Felix glances toward the ceiling for a moment himself as he listens to the reply. "Awesome. Do me a favour? Pick me up two Big Mac meals on the way? An' milkshakes. An' whatever you want, 'course." Pause. "Thanks, beautiful. See you in a few." The phone disappears into his pocket once more. "What he said," he agrees, pointing to Slug, and the grin returns, "You oughta call her, give her a chance to take care of you while you're sorely laid low an' shit."

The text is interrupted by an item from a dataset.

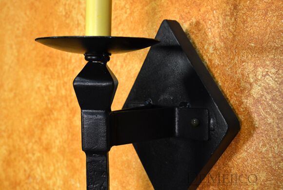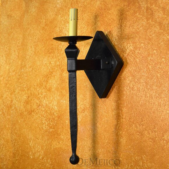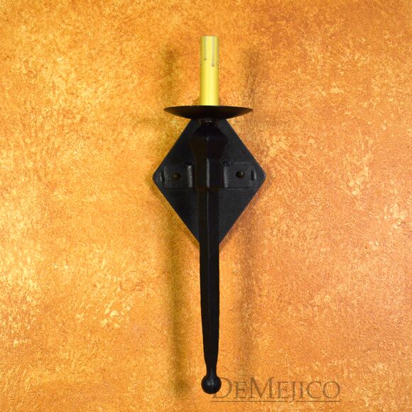The Siena Sconce is a simple, single candle, Spanish wall sconce, with Medieval Style flair. Sitting on a diamond shaped backplate, this sconce features geometric touches from top to bottom. Fit for any Medieval or Old World style home, this Medieval Wall Sconce will set the tone for that classic look in any interior space.

"Naaaah.. if I'm gonna show off my newer and improved dick, I wanna do it sober and not hopped up on vicodin." Justin says as he gives a loopy grin on his face. "I'm six foot tall now I think or something. Maybe a bit taller. Heh... this is awesome. WOoooooOoO..." He trails off as he rubs a hand over his face.
"Good to know your girlfriend delivers," Slug says, with only a tiny bit of tease in his tone. He is, after all, a Garou. And a guy. Gotta bust balls a little bit. He shakes his head at Justin and leans on the counter, his head braced on one of the cabinets. "Maybe we shouldn't have given that to him on an empty stomach."
"She deeeefinitely does," Felix replies, and saunters back over to the couch, soda in hand, to flop there comfortably again. Justin and his woooooos get eyed. "Yeah, maybe so. See if gettin' somethin' in there after makes any difference, I guess."